A common problem used to test your skills in thinking outside the box, the socalled Nine Dots puzzle asks its problemsolver to connect nine dots in a square using only four straight lines. In addition, you also cannot move the pencil off of the paper once you have drawn the first line; you complete the task in one take.

Write small numbers beside each of the nine dots to help you draw out the solution. Starting with the top left dot and moving across the rows, start with 1, 2 and 3. The second row will be 4, 5 and 6, and the final row is 7, 8 and 9.

Place the pencil about one extra space's distance diagonally down from dot 9. Your first line must connect dots 9, 5 and 1, but the solution requires starting outside the box.

Draw the second line from dot 1 across dots 2 and 3, continuing past the last dot until the line is even from where your first line started. The line should be long enough so your pencil is diagonal with dot 6.

Draw the third line down across dot 6 and dot 8, stopping when the pencil is aligned with the first column above.
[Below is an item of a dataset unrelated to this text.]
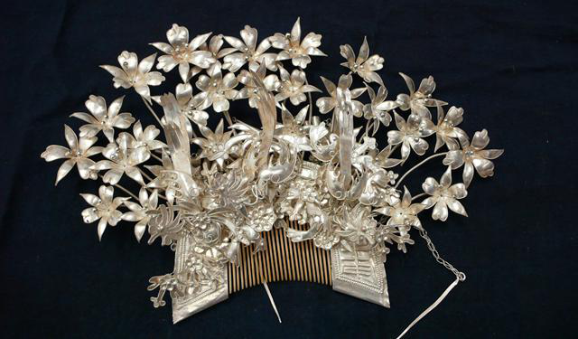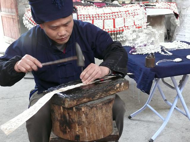 苗族銀飾鍛制技藝歷史悠久,先后經(jīng)歷了從原始裝飾品到巖石貝殼裝飾品、從植物花卉飾品到金銀飾品的演進(jìn)歷程,傳承延續(xù)下來,才有了模式和形態(tài)基本定型的銀飾,其品種式樣至今還在不斷地翻新,由此形成的飾品鏈條成為苗族社會(huì)演進(jìn)的象征之一。貴州省雷山縣、黃平縣、劍河縣、臺(tái)江縣和湖南省鳳凰縣五個(gè)地區(qū)的苗族銀飾鍛制技藝已入選國(guó)家級(jí)非物質(zhì)文化遺產(chǎn)名錄。

Draw the fourth line up, crossing dots 7, 4 and 1. All nine dots have been connected, and you've drawn an arrow slightly larger than the box of dots itself.
Tips & Warnings
 This exercise is used to think outside the box since the solution literally demands it; some will try to draw lines within the confines of the "box" the dots form, but the solutions require poking outside.
 This is not the only solution available; try starting with a different dot and seeing where the lines can take you.
 Each solution, of course, can be mirrored and still result in the same success thanks to the box's symmetry.
 Remember the purpose of this exercise is to think outside the box, so use all four lines; just making an S or a Z with three lines across each row doesn't take much effort to figure out.